Data section:
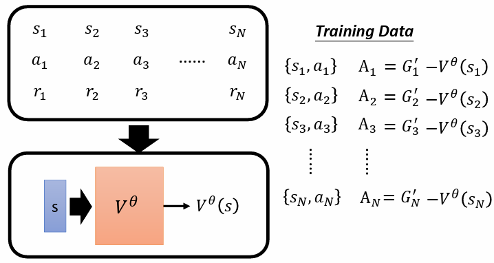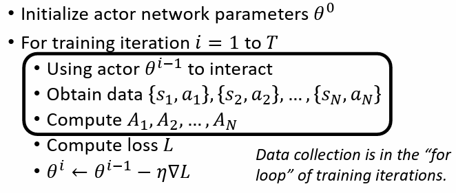 用參數為 的 actor 蒐集資料,並以此資料計算 ,再計算 loss ,做 gradient descent 更新參數
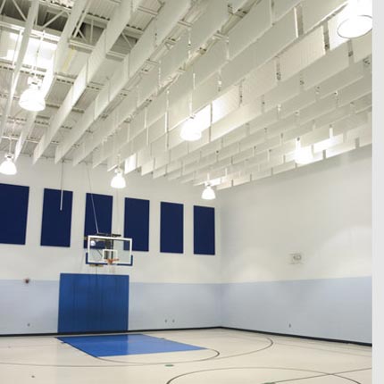 The Baffles are easy to install with our standard Corkscrew Hangers or T-Slot Mounting System and they are perfect for classrooms, office, gymnasiums, swimming pools, or any other room that needs acoustical treatment without breaking the bank!
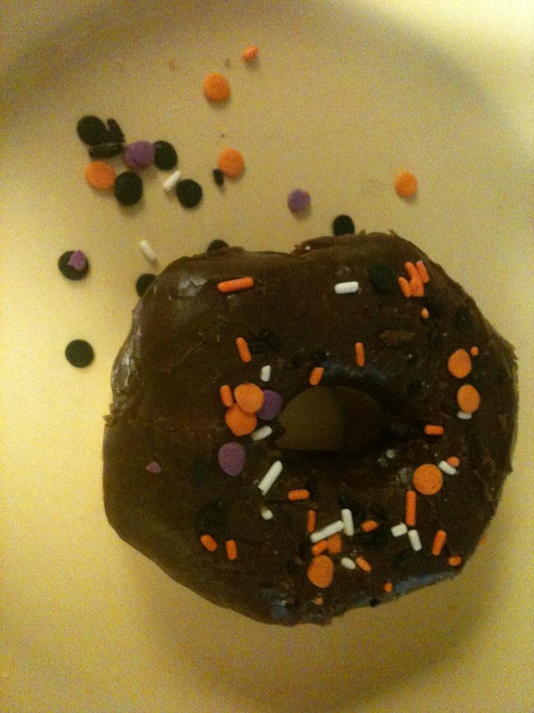 As if Halloween isn’t filled with enough sugar from the candy, BBC managed to talk DH into donuts for breakfast this morning. BBC wanted sprinkles on his chocolate donut so DH took a play from my book and added these when they got home. Totally.Cracked.Me.Up!

Problem to work on:
An exact copy of every line above is needed, without the images.

Output:
 用參數為 的 actor 蒐集資料,並以此資料計算 ,再計算 loss ,做 gradient descent 更新參數
 The Baffles are easy to install with our standard Corkscrew Hangers or T-Slot Mounting System and they are perfect for classrooms, office, gymnasiums, swimming pools, or any other room that needs acoustical treatment without breaking the bank!
 As if Halloween isn’t filled with enough sugar from the candy, BBC managed to talk DH into donuts for breakfast this morning. BBC wanted sprinkles on his chocolate donut so DH took a play from my book and added these when they got home. Totally.Cracked.Me.Up!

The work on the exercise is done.